Synesthesia is associated with distinctive patterns in dream content

Authors: Emily Cook and Kyle Napierkowski

See the full code in this repository on Github: https://github.com/knaps/synesthesia-dreams

Abstract

Dreams offer insight into how individual differences shape conscious experience in the absence of external input or task demands. This study examines whether synesthesia is linked to distinct patterns in dream content, suggesting underlying differences in cognitive architecture. Leveraging the statistical power of large-scale, naturalistic data, we analyzed 2,337 dream reports from Reddit, comparing 1,169 reports from self-identified synesthetes with 1,168 matched controls. Semantic embedding models and logistic regression achieved modest classification performance, indicating group-level differences in language use. Topic modeling revealed four themes—digital, interpersonal regret, diverse worlds, and violent conflict—that were significantly more prevalent in synesthete dreams. These results suggest that trait-level cognitive organization, as expressed in synesthetic perception, extends across states of consciousness and shapes the thematic content of dreams. The findings support theoretical accounts of dreaming as continuous with waking cognition and demonstrate how stable neurocognitive traits manifest in unstructured, self-generated thought.

Repository Contents

This repository includes the Python scripts used for data processing, analysis, and modeling described in the paper:

synesthesia.py: Main script for loading data (synesthete and baseline dream reports), preparing data (embeddings, PCA), training and evaluating classification models (Logistic Regression, Random Forest), performing hyperparameter tuning (GridSearchCV), running SHAP analysis, and conducting thematic analyses using keyword matching and BERTopic models.
bertopic_trainer.py: Script for training the base BERTopic model on a large corpus of dream reports, saving the model, and providing utilities for analyzing dream topics. Includes functions for loading data from a database, sentence splitting, and model persistence.
bertopic_model/: Directory containing the pre-trained BERTopic model (dreams_sentence_model) used for topic analysis in synesthesia.py.
requirements.txt: Lists the necessary Python packages to run the code.
.env (example): Configuration file template for environment variables (e.g., API keys, database URLs). Note: The actual .env file is not included for security reasons.
Data Files (Not Included): The raw dream report data (synesthesia_dreams.csv, baseline data) and intermediate processed files (synesthesia_processed.pkl, baseline_processed.pkl, gridsearch_results.joblib) are not included in this repository due to size and privacy considerations but were generated/used by the scripts.

Methodology Overview

The analysis pipeline involved:

Data Collection: Sourcing dream reports from Reddit (r/dreams) and identifying synesthete authors based on activity in r/Synesthesia. Date-matched controls were selected.
Feature Generation: Creating semantic embeddings (OpenAI text-embedding-3-large) for each dream report.
Classification: Training Logistic Regression and Random Forest models to distinguish between synesthete and control dreams based on embeddings. Hyperparameter tuning was performed using GridSearchCV.
Topic Modeling: Applying a pre-trained BERTopic model (trained on a larger dream corpus using bertopic_trainer.py) to identify latent topics in the synesthete/control dataset.
Theme Analysis: Hierarchically clustering the fine-grained BERTopic topics into broader themes and comparing theme prevalence between groups using Chi-squared tests.

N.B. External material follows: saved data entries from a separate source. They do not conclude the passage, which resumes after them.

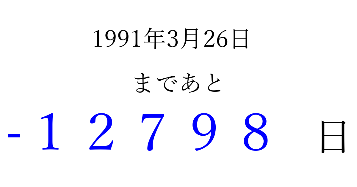 1991年3月26日(火)は もう 00000 日過ぎました 追加すると、トップページからすぐ選べるようになります ※2026/04/09現在の結果です。 最新の状態に更新する ↓シェアして、タイムライン上にカウントダウンを表示しよう!↓ 📤 この結果を共有する Tweet シェア Threads Bluesky 別の日付でカウントダウン 1991年3月のカレンダー このページをブックマークに追加すると、いつでもカウントダウンを確認できます。 (PC: Ctrl+D / Mac: ⌘+D) hitome-notes.comでは以下のページも運営しています。 指定日と期間から日付を計算 | ガチャ確率計算・シミュレーション | プライバシー・ポリシー 運営者:Avocado
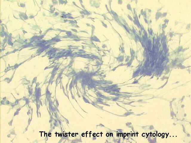 The enthusiastic surgery service resident got carried away doing the imprint cytology of a lymph node, and got what I call the "twister effect"...
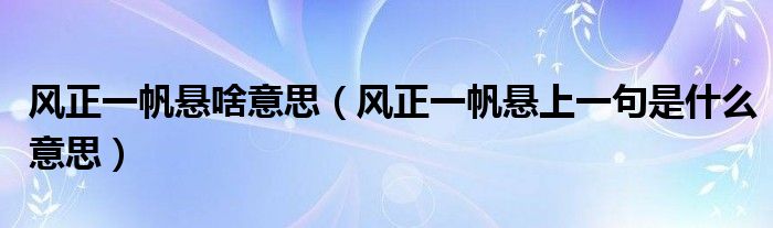 大家好,小生来为大家讲解下。风正一帆悬啥意思,风正一帆悬上一句是什么意思很多人还不知道,现在让我们一起来看看吧!
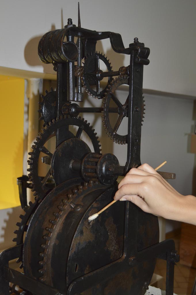 Urni mehanizem mehaničnega ražnja pred zaščito, Restavratorski center, 2013. Foto: Valentin Benedik.

Refer to the full paper for detailed methodology, results (including Tables 1-3), discussion, and limitations.

How to Use

Clone the repository.
Set up a Python environment and install dependencies:
```
pip install -r requirements.txt
```
Create a .env file based on the required variables (e.g., database connection string, OpenAI API key if needed for re-analysis).
Obtain the necessary data files (dream reports, pre-trained models if not using the included one).
Run the scripts (bertopic_trainer.py to train a new model, synesthesia.py for the main analysis workflow). Note: Running the full analysis requires access to the original datasets and potentially significant computational resources.

This code is provided for transparency and reproducibility of the methods described in the publication.